Manage on-premises data gateway high-availability clusters and load balancing
You can use an on-premises data gateway cluster to avoid single points of failure and to load balance traffic across gateways in a cluster. To add new gateway members to a gateway cluster, go to Add another gateway to create a cluster.
High-availability clusters for an on-premises data gateway
You can create high-availability clusters of gateway installations. The clusters help ensure that your organization can access on-premises data resources from cloud services like Power BI and Power Apps. Gateway admins use such clusters to avoid single points of failure when accessing on-premises data resources.
The gateway cloud service always uses the primary gateway in a cluster unless that gateway isn't available. In that case, the service switches to the next available gateway in the cluster.
Make sure the gateway members in a cluster are running the same gateway version, as different versions could cause unexpected failures based on supported functionality.
Manage a gateway cluster
After you create a cluster of two or more gateways, all gateway management operations apply to every gateway in the cluster. These operations include granting administrative permissions to a gateway and adding data sources or connections.
For example, when admins select Manage gateways in Power BI, the list of registered clusters or individual gateways is displayed. But the individual gateway instances that are members of the cluster aren't displayed.
All requests are routed to the primary instance of a gateway cluster. If the primary gateway instance isn't online, the request is routed to another gateway instance in the cluster.
Load balance across gateways in a cluster
You can choose to let traffic be distributed evenly across gateways in a cluster. By default, the selection of a gateway during load balancing—that is, when "Distribute requests across all active gateways in this cluster" is enabled—is random. You can change this setting to distribute the load.

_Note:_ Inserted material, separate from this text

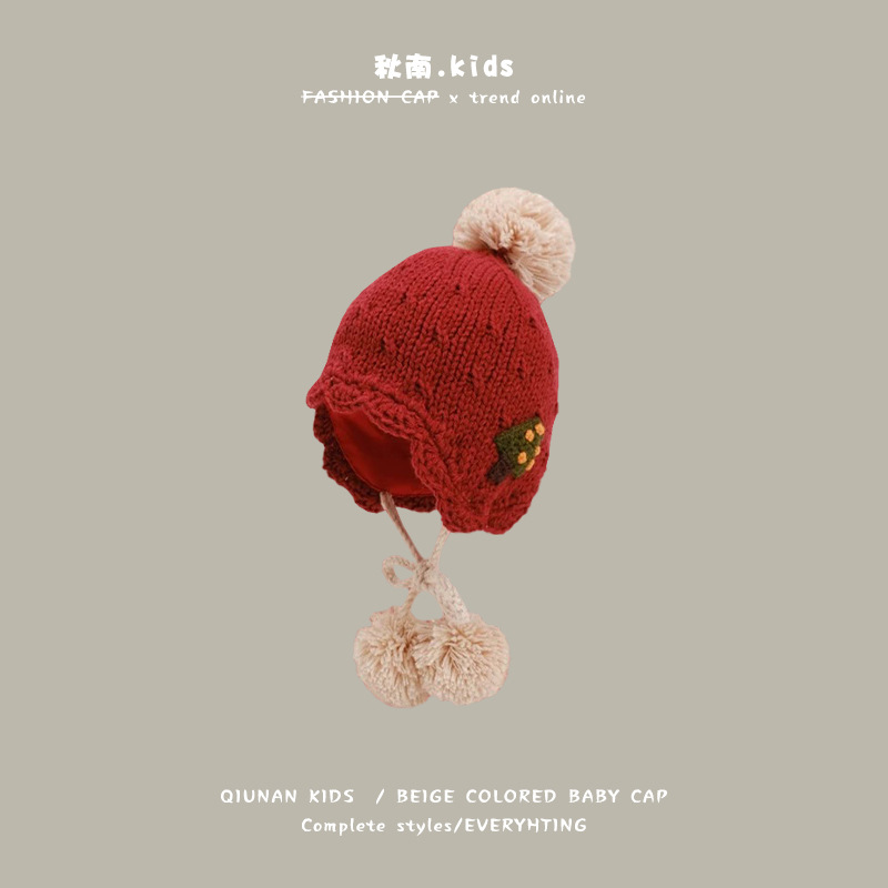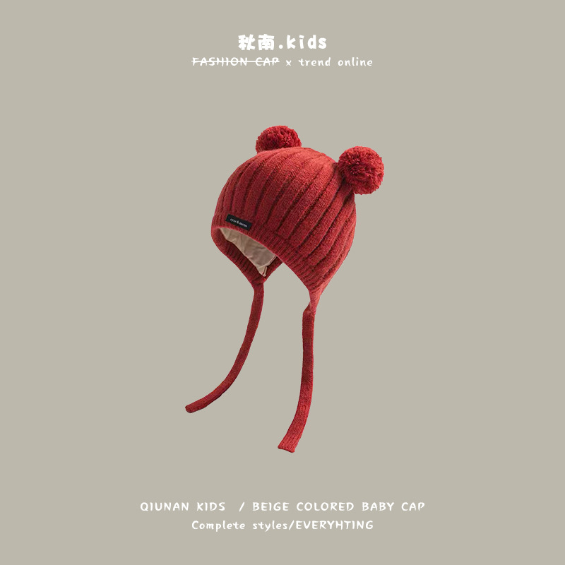 가을/겨울 한국 아기 모자 2025 가을/겨울 두꺼운 아기 신년 겨울 빨간색 어린이 귀 보호 모자 도매스토어 가기
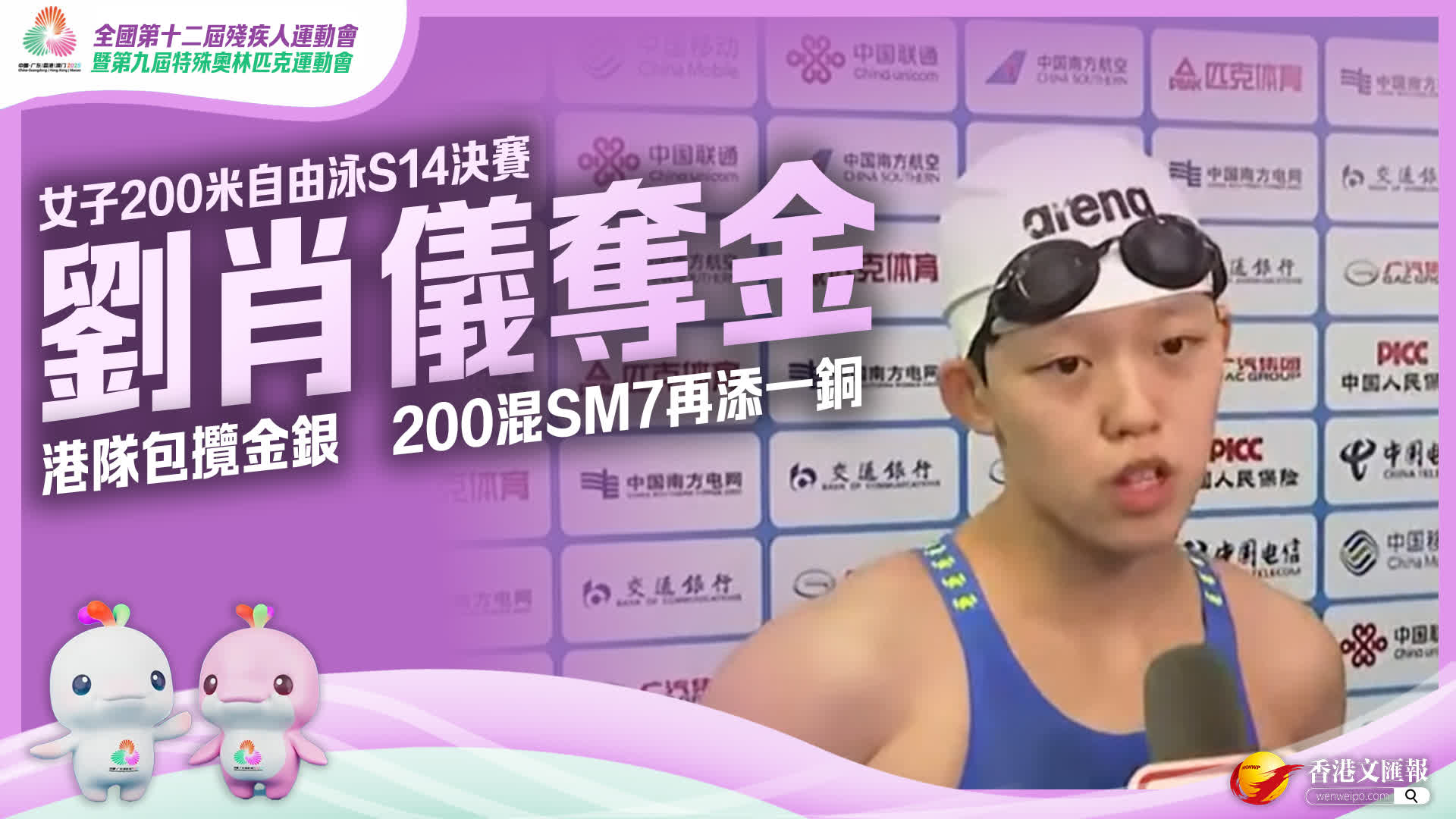 智力殘疾組泳手劉肖儀在女子200米自由泳S14決賽,以刷新全國紀錄的2分13秒50取得港隊今屆首面殘運會游泳金牌。另一名港將陳睿琳則以落後隊友0.1秒差距摘得銀牌。

It is recommended to disable or remove an offline gateway member in the cluster. If a gateway member is offline instead of disabled or removed, we may try to execute a query on that offline member, before moving to the next one. This can negatively impact the performance.
For example, to provide load balancing from the Power BI service, select the gear icon in the upper-right corner, then select Manage gateways. Next, select Distribute requests across all active gateways in this cluster.
Load balance based on CPU, Memory, concurrency limits
As mentioned earlier, the selection of a gateway during load balancing is random. Gateway admins can, however, throttle the resource usage of each gateway member. With throttling, you can make sure either a gateway member or the entire gateway cluster isn't overloaded. Overloaded system resources may cause request failures.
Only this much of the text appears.